* WORK TO COMPLETE *
Give again, exactly and without pictures, the lines running from the line with "緯糸に織り込まれた柄糸を浮か" to the end of the records below.

* MATERIAL PROVIDED *
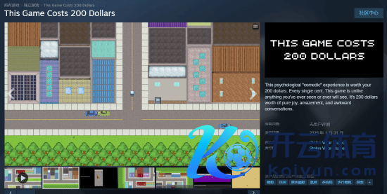 一款名为《This Game Costs 200 Dollars》(“本游卖200好意思元”)的游戏已在Steam上发布。这款游戏最引东谈主瞩诡计地浅近是其售价,售价正如其游戏名中的200好意思元,在国区则是1400东谈主民币!
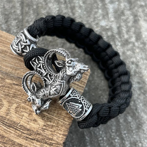Norse Odin Goat Thor Hammer Mjolnir Runes Beads Paracord Viking Bracelet
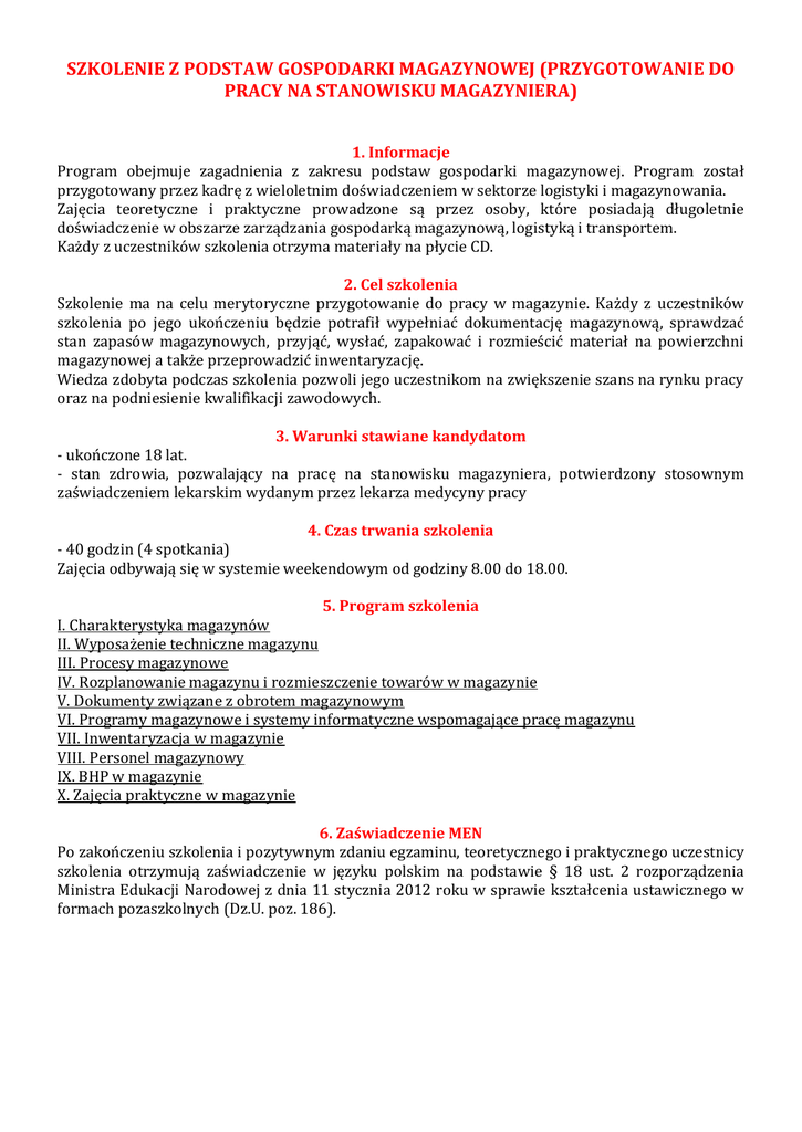 SZKOLENIE Z PODSTAW GOSPODARKI MAGAZYNOWEJ (PRZYGOTOWANIE DO PRACY NA STANOWISKU MAGAZYNIERA) 1. Informacje Program obejmuje zagadnienia z zakresu podstaw gospodarki magazynowej. Program został przygotowany przez kadrę z wieloletnim doświadczeniem w sektorze logistyki i magazynowania. Zajęcia teoretyczne i praktyczne prowadzone są przez osoby, które posiadają długoletnie doświadczenie w obszarze zarządzania gospodarką magazynową, logistyką i transportem. Każdy z uczestników szkolenia otrzyma materiały na płycie CD. 2. Cel szkolenia Szkolenie ma na celu merytoryczne przygotowanie do pracy w magazynie. Każdy z uczestników szkolenia po jego ukończeniu będzie potrafił wypełniać dokumentację magazynową, sprawdzać stan zapasów magazynowych, przyjąć, wysłać, zapakować i rozmieścić materiał na powierzchni magazynowej a także przeprowadzić inwentaryzację. Wiedza zdobyta podczas szkolenia pozwoli jego uczestnikom na zwiększenie szans na rynku pracy oraz na podniesienie kwalifikacji zawodowych. 3. Warunki stawiane kandydatom - ukończone 18 lat. - stan zdrowia, pozwalający na pracę na stanowisku magazyniera, potwierdzony stosownym zaświadczeniem lekarskim wydanym przez lekarza medycyny pracy 4. Czas trwania szkolenia - 40 godzin (4 spotkania) Zajęcia odbywają się w systemie weekendowym od godziny 8.00 do 18.00. 5. Program szkolenia I. Charakterystyka magazynów II. Wyposażenie techniczne magazynu III. Procesy magazynowe IV. Rozplanowanie magazynu i rozmieszczenie towarów w magazynie V. Dokumenty związane z obrotem magazynowym VI. Programy magazynowe i systemy informatyczne wspomagające pracę magazynu VII. Inwentaryzacja w magazynie VIII. Personel magazynowy IX. BHP w magazynie X. Zajęcia praktyczne w magazynie 6. Zaświadczenie MEN Po zakończeniu szkolenia i pozytywnym zdaniu egzaminu, teoretycznego i praktycznego uczestnicy szkolenia otrzymują zaświadczenie w języku polskim na podstawie § 18 ust. 2 rozporządzenia Ministra Edukacji Narodowej z dnia 11 stycznia 2012 roku w sprawie kształcenia ustawicznego w formach pozaszkolnych (Dz.U. poz. 186).
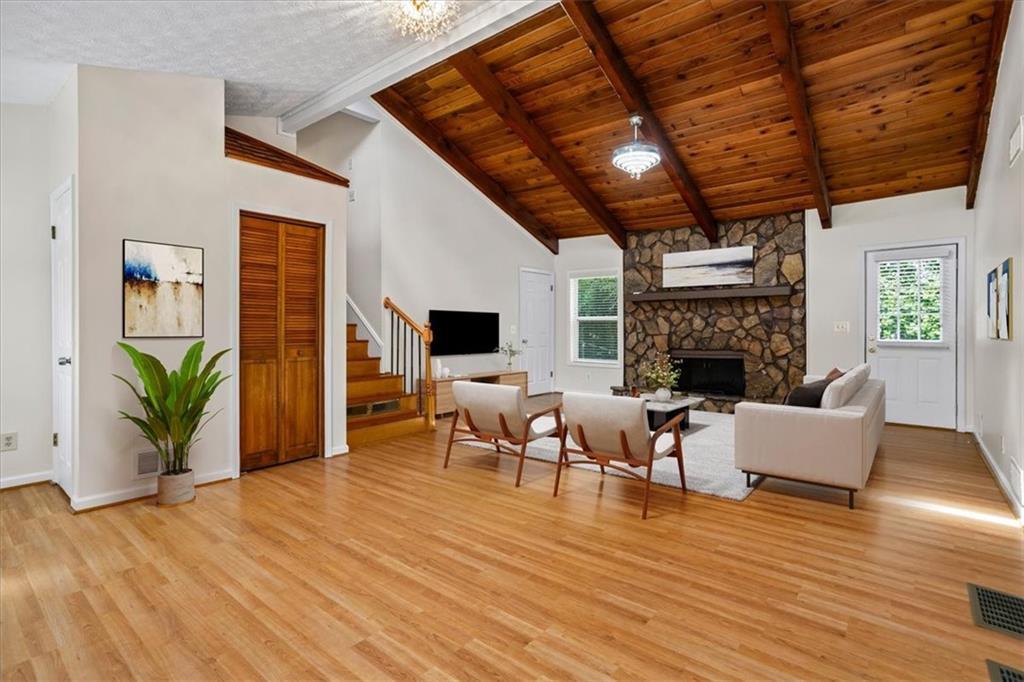 Discover your dream home in this stunning contemporary split-level property, perfectly situated in east cobb. NEW WINDOWS, FRESH INTERIOR PAINT , NEW GARAGE DOORS, NEW AC UNIT, All exterior pressure washed. As you approach, you'll be struck by the picturesque rose bushes and expansive FRONT YARD, perfect for outdoor relaxation. Inside, the soaring cathedral ceiling family room features a beautiful stone front fireplace, bathing the space in warmth and natural light. The sleek, REMODELED KITCHEN boasts European-style cabinets and stainless steel appliances, flowing seamlessly into the perfectly sized dining room. Upstairs, the expansive master bedroom and two additional bedrooms await, along with fully RENOVATED MASTER & GUEST BATHROOM. The lower level offers endless possibilities, with a generous room perfect for a game room, a fourth bedroom with a full bathroom, and a convenient laundry room. Outside, three expansive decks and a greenhouse beckon you to explore your creativity. All within walking distance to shops, Sprayberry Walk, and restaurants.
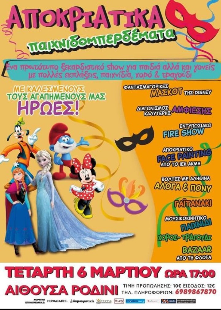Ένα μεγάλο αποκριάτικο ξέφρενο και χορταστικό event για παιδιά, αλλά και για τους γονείς έρχεται στη Ρόδο, αύριο Τετάρτη 6 Μαρτίου στις 17:00 το απόγευμα για μια μοναδική παράσταση στην αίθουσα στο Ροδίνι!!
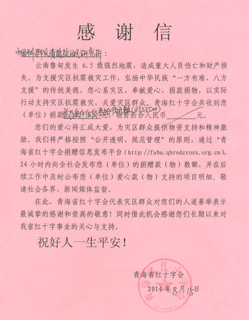云南鲁甸发生6.5级强烈地震后,造成了重大人员伤亡和财产损失。为支援灾区抗震救灾工作,弘扬中华民族“一方有难、八方支援”的传统美德,青海盐湖所工会积极动员和组织广大职工捐款捐物,总计捐款23535元整,以实际行动支持灾区抗震救灾,关爱灾区群众。
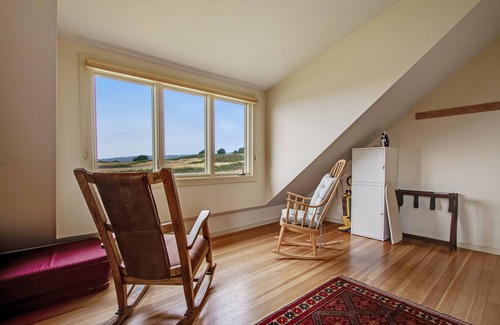 A spiral staircase leads to a beautiful loft upstairs with a queen bed, built-in desk, and a gas wall heater. Two rocking chairs looking out over Mendocino Headlands State Park provide additional spaces to read, talk, doze, or quietly reflect.
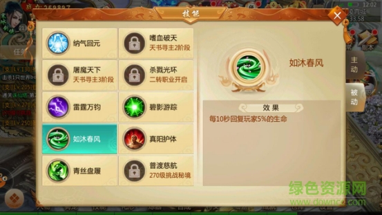 其中如沐春风的技能效果能让我们每十秒回复5%生命,在后期boss中这技能十分关键。他能让我们在打不过的时候可以远离boss等HP回复到一定程度再继续和boss纠缠。
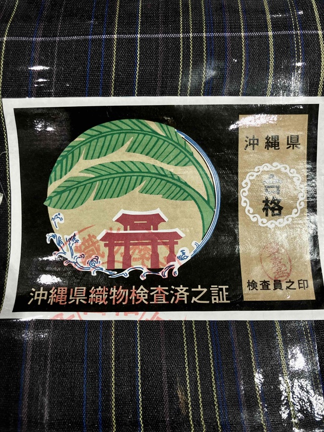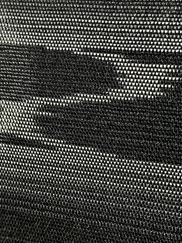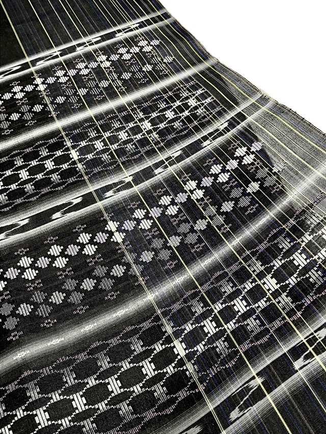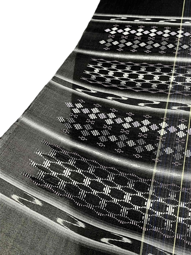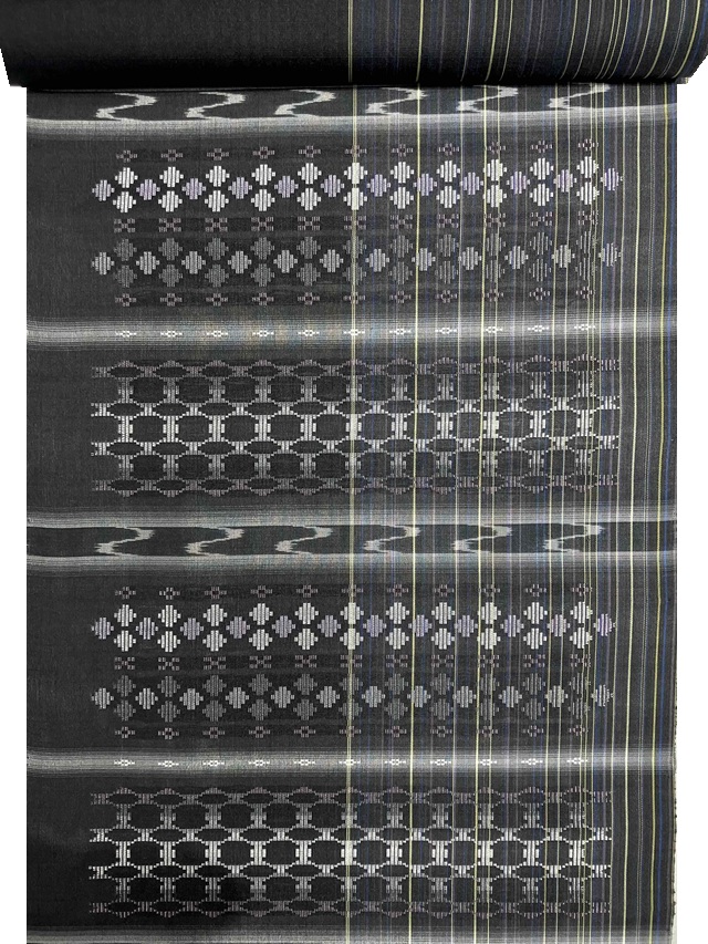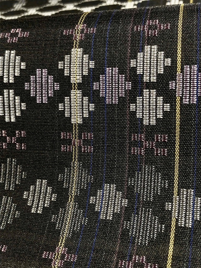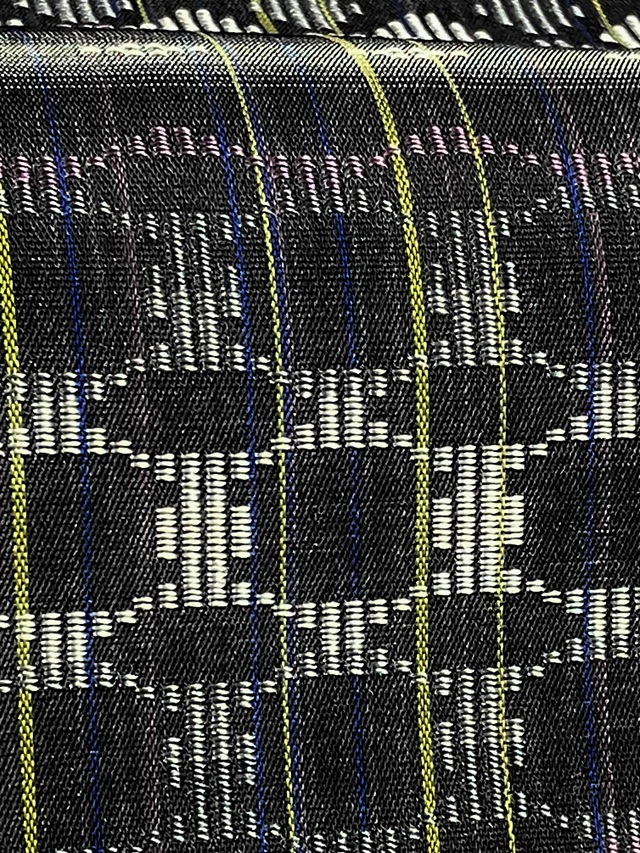 緯糸に織り込まれた柄糸を浮かせて織り出された幾何学模様の花織の間に水の流れを形どった絣模様が配されています。南風原町は琉球絣の産地としてもその名を轟かせており、野原織物工房さんは琉球絣の製造元でもあります。花織と絣を併用することでデザインが単調にならずに奥行が生まれ、伝統工芸の魅力が詰まった布に仕上がります。一人の職人さんが様々な手織り技法を習得する技術の高さゆえに素晴らしい作品が出来上がるのです。
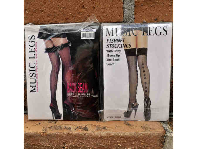 Music Leg Stockings - Two Pair Thigh-High - Black With Trim

* ANSWER TO THIS PROBLEM *
 緯糸に織り込まれた柄糸を浮かせて織り出された幾何学模様の花織の間に水の流れを形どった絣模様が配されています。南風原町は琉球絣の産地としてもその名を轟かせており、野原織物工房さんは琉球絣の製造元でもあります。花織と絣を併用することでデザインが単調にならずに奥行が生まれ、伝統工芸の魅力が詰まった布に仕上がります。一人の職人さんが様々な手織り技法を習得する技術の高さゆえに素晴らしい作品が出来上がるのです。
 Music Leg Stockings - Two Pair Thigh-High - Black With Trim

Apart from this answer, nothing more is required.